After my two conversations with Ella and Anna it was striking just how enjoyable these campaigns are for them. Ella said that her mum “had the best day ever” filming for CoppaFeel! and getting into drag – “it really cheered her up” – while so many of the events GUBT put on are completely silly and fun, with Anna describing a “face paint and glitter night” they hope to have in HIVE next semester.
Behind the smiles and laughs is such an important cause, and every contribution helps, no matter how big or small. Anna described that GUBT have scaled down their scope recently, their aim no longer being to raise money: “now we just focus on raising awareness, because some smaller unis really struggled to have these big fundraising events and we were being compared”. But there is still clearly much work to do just in raising awareness, and it was refreshing to speak to two people from such different walks of life united behind the same cause.

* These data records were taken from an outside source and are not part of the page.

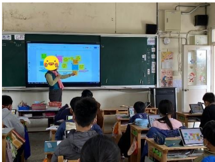
用電子白板匿名分享
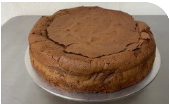
クラシックショコラ

フルーツを載せるだけでフルーツタルトが完成するカスタード・クリーム付のタルト生地 カスタード付き2000円
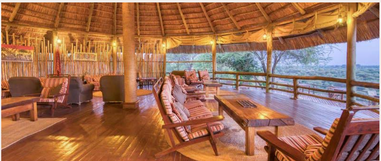
PN TARANGIRE, TARANGIRE RIVER CAMP
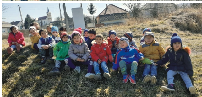
Nem kell messzire menni egy jó kiránduláshoz

A Húsvét a Feltámadás. A megújulás Ünnepe! Ne csak külsőben, de belsőleg is meg kell újulnunk, Olyan sok rossz dolog vesz körül minket, haláleset, betegség, háború, egyet nem értés... Már sokszor a kis közösségekben, falun belül a családban sincs meg az az egység, ami szükséges ahhoz, hogy ez az ország, Mária országa fennmaradjon. Sokszor keressük a hibát, a hibást, de nem tűnik fel, hogy elsősorban saját magunkba kell keresni azt. Ne másokat, magunkat akarjuk jobbá tenni és akkor lehet, lesz jövője a magyar családoknak, a falvaknak, városoknak a Nemzetnek. Sokan felismerték és ma is sokan felismerik, hogy a Szűzanya oltalmára nagy szüksége van az egész világnak. Szükség van az emberi küzdésre, de be kell látni, hogy hit nélkül, széthúzással semmire sem megyünk.
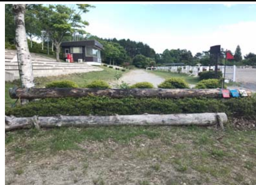
第 14 障害
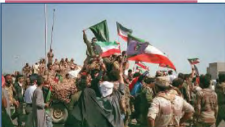
الحرس الوطني السعودي في أثناء تحرير دولة الكويت من العدوان الغاشم عام ١٤١١هـ
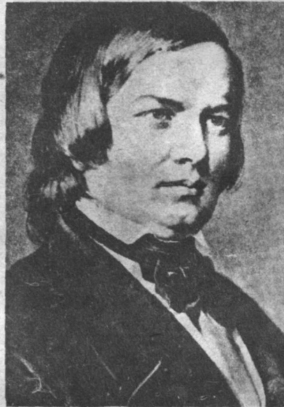
舒曼(R. A. Schumann, 1810-1856)

With GUBT you have medical students applying the knowledge they have from their degree to help other students, maybe even their friends, while Ella’s perspective as a drag queen, who is “sometimes pretending to be a woman but myself a man”, is invaluable for a campaign so laser focused on reaching everyone affected. Whether you sell out arenas across the country and have a PR team managing your diary, or you’re just another student being interviewed in the canteen on level three of the library, each person campaigning could help somebody. Anna summed it up best when she said “if we could even reach one person to do regular checking, that’s still such a good thing”. When it’s something as serious and scary as detecting breast cancer, it’s especially hard not to agree.
Advice and support on detecting breast cancer is available on CoppaFeel!’s website.